2006: Sterling K. Brown & Ryan Michelle Bathe Tie The Knot
The St. Louis natives eloped in 2006 and a year later held a larger ceremony. According to the bride, the best part of their wedding was the food. "The best thing about it was the food," she told ET.
"Can I just say, sometimes you go to weddings, and you get the winner-winner chicken dinner and you're like, 'I pay. OK, it's fine.' But I wanted people to remember their experience -- their culinary experience. So I was happy about that. The food was good."
2011: Sterling K. Brown & Ryan Michelle Bathe Welcome Their First Child
In 2011, Sterling and The Endgame actress welcomed their first son, Andrew. In a 2017 tweet, Sterling revealed they had a home birth. "An unexpected home delivery is something my wife and I went through ourselves with our first born, so this was round 2 for me!" he wrote while referring to a scene involving his character Randall, in This Is Us.
2012: Sterling K. Brown & Ryan Michelle Bathe Appear On-screen Together
A year later, the couple acted together on the Lifetime series Army Wives.

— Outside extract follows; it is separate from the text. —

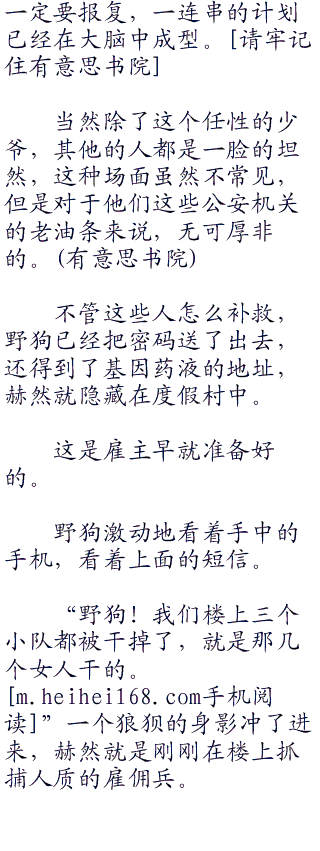 而且因为赵成赶时间浏览,所以根本没有注意到野狗夜晚出去了一趟,也下意识的忽略了恐怖分子的后援,实际上现在度假村酒店和外面埋伏控制现场的恐怖分子已经超过了一百名,就简直就是一个小型佣兵团了。

2015: Sterling K. Brown & Ryan Michelle Bathe Welcome Their Second Child
In 2015, Sterling and Ryan welcomed another son, Amaré. Sterling shared an Instagram post about their latest addition to the family. "1st post. 2nd child. All good! #imoninstagram," the Atlas star wrote.
2016: Ryan Michelle Bathe Joins Sterling K. Brown On 'This Is Us'
Ryan guest appears on her hubby's show, This Is Us.
Sterling K. Brown Reveals Ryan Michelle Bathe's Mother Didn't Like Him At First
During their sit-down interview for the Black Love series, Sterling revealed that Ryan's mother wasn't a fan of him, which caused friction in their relationship.
2024: Sterling K. Brown & Ryan Michelle Bathe Explain How Jennifer Lopez Once Broke Them Up
While visiting The Jennifer Hudson Show, Sterling and Ryan share their hilarious Jennifer Lopez break-up story. "We had just gone out, we were living in New York City, we were in grad school, and we had gone to see a Broadway play and we came back to my place and my roommate was playing the ["Love Don't Cost A Thing"] video on MTV," Sterling said.
"Now I'm a fan of Jennifer Lopez's dancing, and I was watching the video and I knew my young...21, 22-year-old girlfriend was looking at me watch the video. And I know I'm not supposed to have a reaction. In trying NOT to have a reaction, what had happened was, my eyes began to water."
Ryan jumped in, "Otherwise known as, TEARS! I turn around and my boyfriend is weeping, tears like big fat [tears]. And I'm looking and she's just a shakin' and a shimming, and he's just crying. I said 'Oh no, I got to go.' "
2024: Sterling K. Brown & Ryan Michelle Bathe Launch Their Podcast, We Don't Always Agree
The couple launched their podcast, We Don't Always Agree, where they disclose more intimate details about their love story.